* **TASK PROMPT**
Only the pictures stay out; please return all the entries below exactly as written.

* **Records excerpted from a collection**
□ □ □ □ □
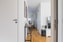 På golvet har du ekparkett, likadana golv löper enhetligt vidare i resten av lägenheten. Spotlights i taket. Plats för ytterkläder och skor. Under trappan finns ytterligare förvaringsmöjligheter i ett litet förråd.
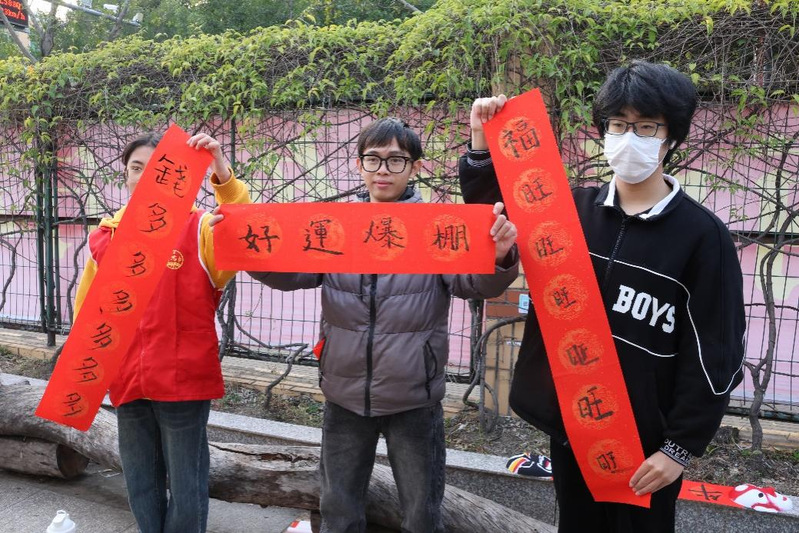 在写春联环节,浓浓的墨香弥漫现场。同学们一边书写“福”字和对联,一边感受新春的喜庆氛围。虽然书法略显稚嫩,但笔画间充满了青春活力与对未来的美好期盼。红纸黑字,寓意吉祥,洋溢着浓浓的年味。
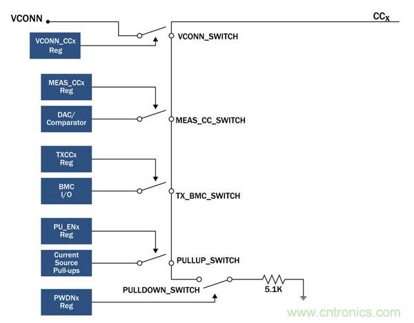 FUSB302B實(shí)施了一個(gè)CC開關(guān),使它能夠檢測(cè)到它是作為設(shè)備主機(jī)還是雙角色端口連接,通過多個(gè)比較器和由主機(jī)處理器上的軟件控制的可編程DAC進(jìn)行管理(圖3)。
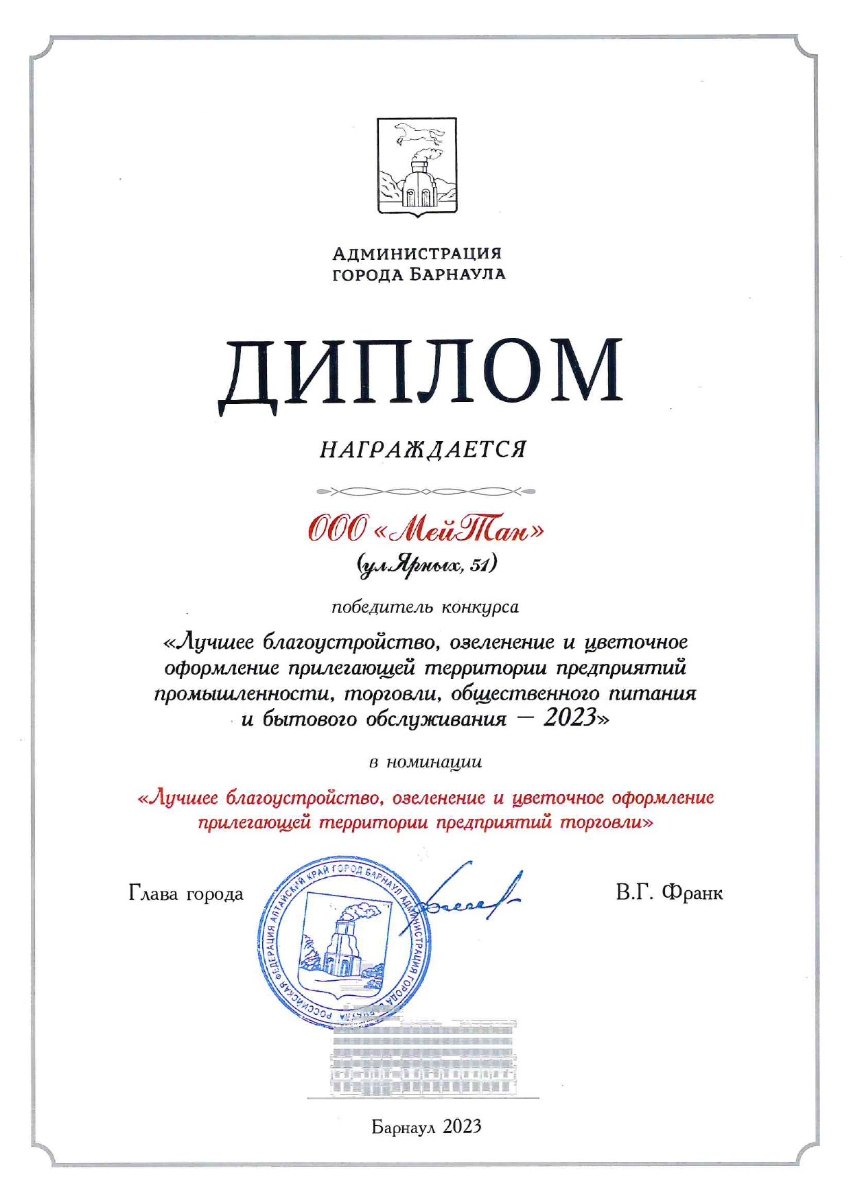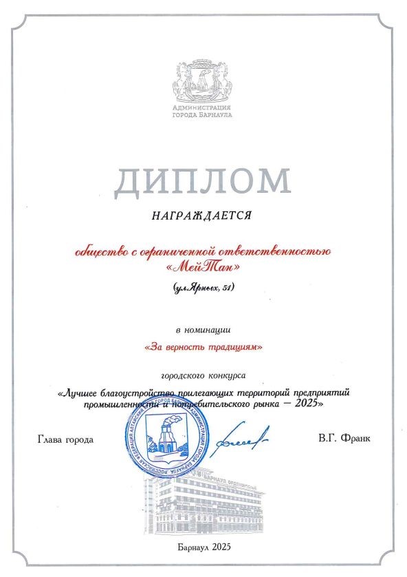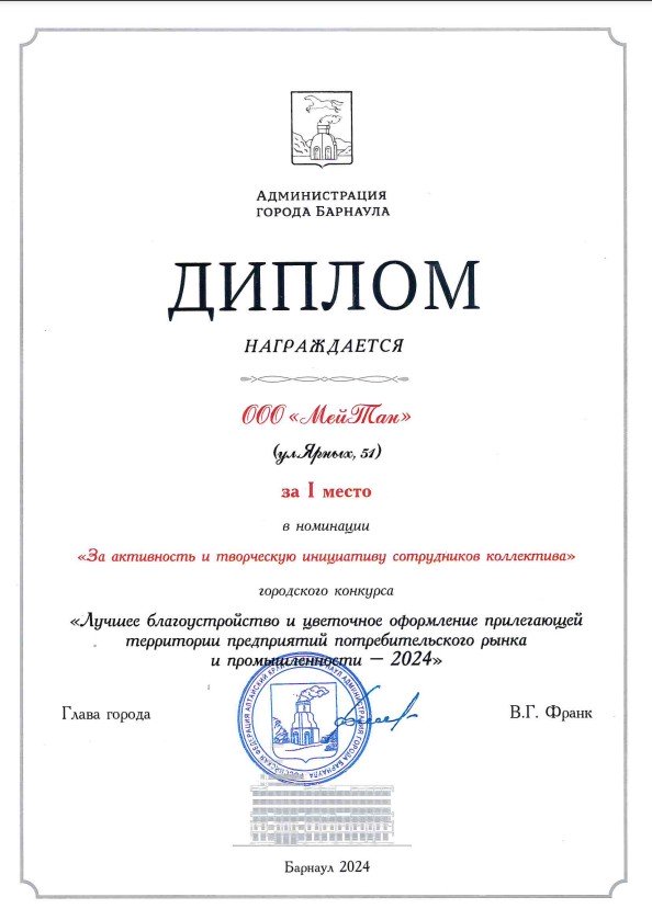 Диплом победителя конкурса «Лучшее благоустройство, озеленение и цветочное оформление прилегающей территории предприятий торговли» за благоустройство территории вокруг генерально офиса МейТан.
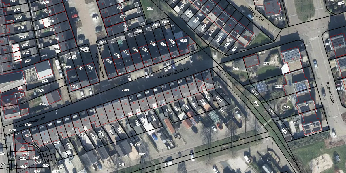 Het perceel waarop Hoogendijkstraat 38 staat heeft een oppervlakte van 120 m². Dit is een middelgroot perceel. De perceeloppervlakte wordt geregistreerd door het Kadaster. Gedetailleerde informatie over de maten van dit perceel kunt u vinden in het rapport Kadastrale kaart met maatvoering van Hoogendijkstraat 38.
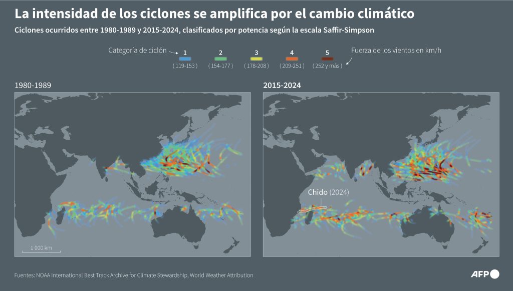 El ciclón Chido, que asoló Mayotte y Mozambique en diciembre, hubiera sido menos potente sin los efectos del cambio climático, según un estudio preliminar.
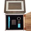 Özel Ahşap Kutulu Mavi Kalem Anahtarlık Ve Çakmak Set
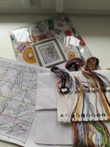 100% хлопковая нить, холст Aida, иглы, бумажная Таблица (Инструкция на английском языке, цветная печать, размер А4/страница)
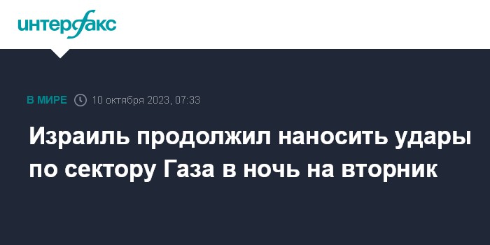 Москва. 10 октября. INTERFAX.RU - Израиль продолжил атаковать объекты в секторе Газа в ночь на вторник, сообщила газета Times of Israel.
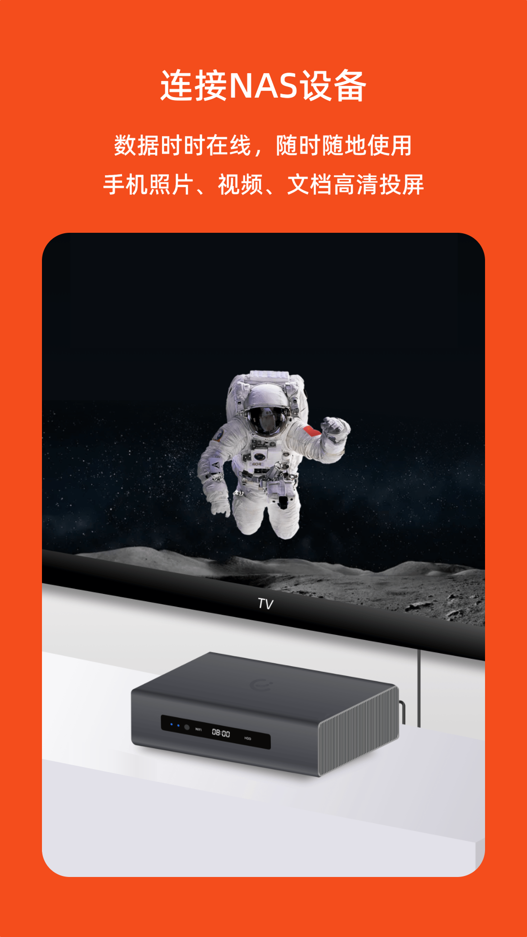 在连接NAS设备之后,用户可以随时随地对手机数据进行管理,让数据时刻保持在线状态,还能够实现照片、视频、文档的高清投屏。
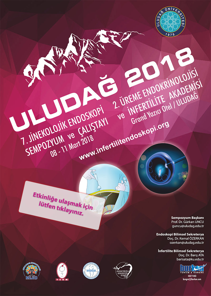Uludağ Üniversitesi Tıp Fakültesi Kadın Hastalıkları ve Doğum Anabilim Dalının düzenlediği 2. Üreme Endokrinolojisi ve İnfertilite Akademisi - 7. Jinekolojik Endoskopi Sempozyum ve Çalıştayında 9 Mart 2018 tarihinde Derneğimiz "Endometriozis-Ağrı/İnfertilite Yönetimi" konulu katılımın yoğun olduğu bir oturum gerçekleştirdi. Değerli Üyelerimizden Prof. Dr. Engin Oral, Prof. Dr. Gürkan Uncu, Prof. Dr. Ümit İnceboz, Doç. Dr. Ercan Baştu, Dr. Pınar Bahat, Dr. Işıl Kasapoğlu oturumda konuşmacı olarak yer aldılar. Ekibimizden Dr. Ezgi Darıcı ve Dr. Hale Göksever Çelik de destek olarak Uludağ 2018’de idiler. Katılımcılara ve emeği geçen herkese ilgisi için teşekkür ediyoruz.
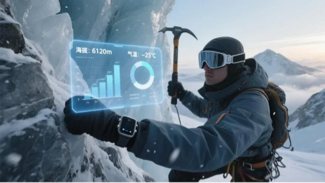 在实际户外运动领域中,登山爱好者可通过智能手表、手机、高度计等便携式电子设备中集成的数字气压传感器来测量气压,从而获取所处位置的海拔高度,并进一步得知所处位置的氧气含量下降幅度,可提前预防高原反应,实时合理地分配体力与规划路线。
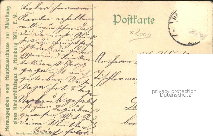 42160667 alte Postkarte HAMBURG CITY Karte zum Kinderhilfstag 1911 postalisch gelaufen Erhaltung siehe scans KatCode: 11110002000000
□ □ □ □ □
* **WRITTEN ANSWER**
 På golvet har du ekparkett, likadana golv löper enhetligt vidare i resten av lägenheten. Spotlights i taket. Plats för ytterkläder och skor. Under trappan finns ytterligare förvaringsmöjligheter i ett litet förråd.
 在写春联环节,浓浓的墨香弥漫现场。同学们一边书写“福”字和对联,一边感受新春的喜庆氛围。虽然书法略显稚嫩,但笔画间充满了青春活力与对未来的美好期盼。红纸黑字,寓意吉祥,洋溢着浓浓的年味。
 FUSB302B實(shí)施了一個(gè)CC開關(guān),使它能夠檢測(cè)到它是作為設(shè)備主機(jī)還是雙角色端口連接,通過多個(gè)比較器和由主機(jī)處理器上的軟件控制的可編程DAC進(jìn)行管理(圖3)。
 Диплом победителя конкурса «Лучшее благоустройство, озеленение и цветочное оформление прилегающей территории предприятий торговли» за благоустройство территории вокруг генерально офиса МейТан.
 Het perceel waarop Hoogendijkstraat 38 staat heeft een oppervlakte van 120 m². Dit is een middelgroot perceel. De perceeloppervlakte wordt geregistreerd door het Kadaster. Gedetailleerde informatie over de maten van dit perceel kunt u vinden in het rapport Kadastrale kaart met maatvoering van Hoogendijkstraat 38.
 El ciclón Chido, que asoló Mayotte y Mozambique en diciembre, hubiera sido menos potente sin los efectos del cambio climático, según un estudio preliminar.
 Özel Ahşap Kutulu Mavi Kalem Anahtarlık Ve Çakmak Set
 100% хлопковая нить, холст Aida, иглы, бумажная Таблица (Инструкция на английском языке, цветная печать, размер А4/страница)
 Москва. 10 октября. INTERFAX.RU - Израиль продолжил атаковать объекты в секторе Газа в ночь на вторник, сообщила газета Times of Israel.
 在连接NAS设备之后,用户可以随时随地对手机数据进行管理,让数据时刻保持在线状态,还能够实现照片、视频、文档的高清投屏。
Uludağ Üniversitesi Tıp Fakültesi Kadın Hastalıkları ve Doğum Anabilim Dalının düzenlediği 2. Üreme Endokrinolojisi ve İnfertilite Akademisi - 7. Jinekolojik Endoskopi Sempozyum ve Çalıştayında 9 Mart 2018 tarihinde Derneğimiz "Endometriozis-Ağrı/İnfertilite Yönetimi" konulu katılımın yoğun olduğu bir oturum gerçekleştirdi. Değerli Üyelerimizden Prof. Dr. Engin Oral, Prof. Dr. Gürkan Uncu, Prof. Dr. Ümit İnceboz, Doç. Dr. Ercan Baştu, Dr. Pınar Bahat, Dr. Işıl Kasapoğlu oturumda konuşmacı olarak yer aldılar. Ekibimizden Dr. Ezgi Darıcı ve Dr. Hale Göksever Çelik de destek olarak Uludağ 2018’de idiler. Katılımcılara ve emeği geçen herkese ilgisi için teşekkür ediyoruz.
 在实际户外运动领域中,登山爱好者可通过智能手表、手机、高度计等便携式电子设备中集成的数字气压传感器来测量气压,从而获取所处位置的海拔高度,并进一步得知所处位置的氧气含量下降幅度,可提前预防高原反应,实时合理地分配体力与规划路线。
 42160667 alte Postkarte HAMBURG CITY Karte zum Kinderhilfstag 1911 postalisch gelaufen Erhaltung siehe scans KatCode: 11110002000000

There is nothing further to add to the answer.